What the exercise asks — Copy out the entire listing below exactly, but without its pictures.

Input data —
┄┄┄┄┄┄┄┄┄┄
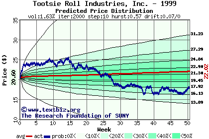 The following graph plots the year-to-date performance of the stock for 1999 compared to the probability calculated by a random walk model.
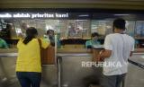 Petugas melayani calon penumpang yang melakukan pembatalan tiket kereta di Stasiun Pasar Senen, Jakarta, Kamis (23/4). Terkait dengan larangan mudik 2020, PT Kereta Api Indonesia melayani pembatalan tiket kereta dengan pengembalian dana 100 persen bagi penumpang, pembatalan dapat dilakukan hingga 30 April 2020 (FOTO : Prayogi/Republika)
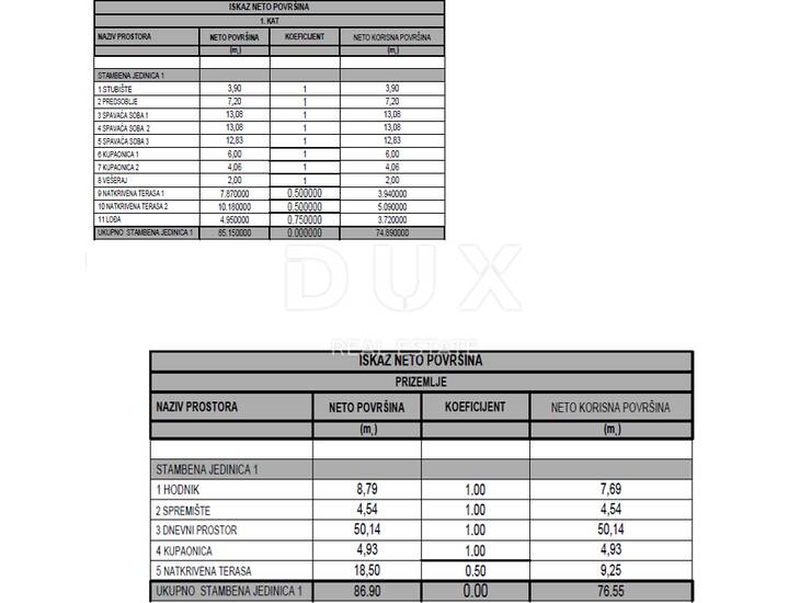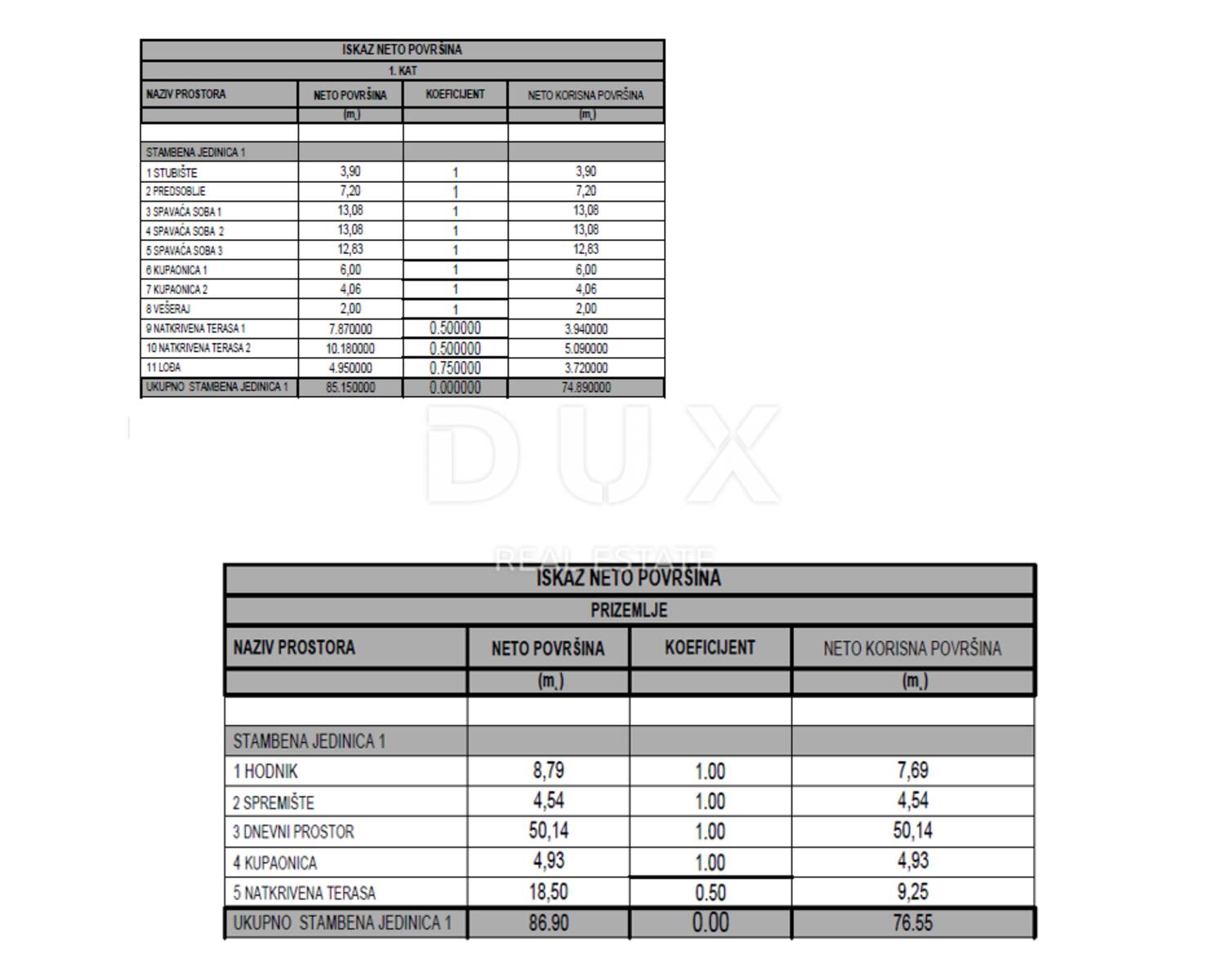 Stan se proteže kroz prizemlje i prvi kat zgrade. U prizemlju se nalazi dnevni boravak s kuhinjom i blagovaonicom te iz kojeg se izlazi na natkrivenu terasu površine 9,25 m2.
┄┄┄┄┄┄┄┄┄┄
Written response —
 The following graph plots the year-to-date performance of the stock for 1999 compared to the probability calculated by a random walk model.
 Petugas melayani calon penumpang yang melakukan pembatalan tiket kereta di Stasiun Pasar Senen, Jakarta, Kamis (23/4). Terkait dengan larangan mudik 2020, PT Kereta Api Indonesia melayani pembatalan tiket kereta dengan pengembalian dana 100 persen bagi penumpang, pembatalan dapat dilakukan hingga 30 April 2020 (FOTO : Prayogi/Republika)
 Stan se proteže kroz prizemlje i prvi kat zgrade. U prizemlju se nalazi dnevni boravak s kuhinjom i blagovaonicom te iz kojeg se izlazi na natkrivenu terasu površine 9,25 m2.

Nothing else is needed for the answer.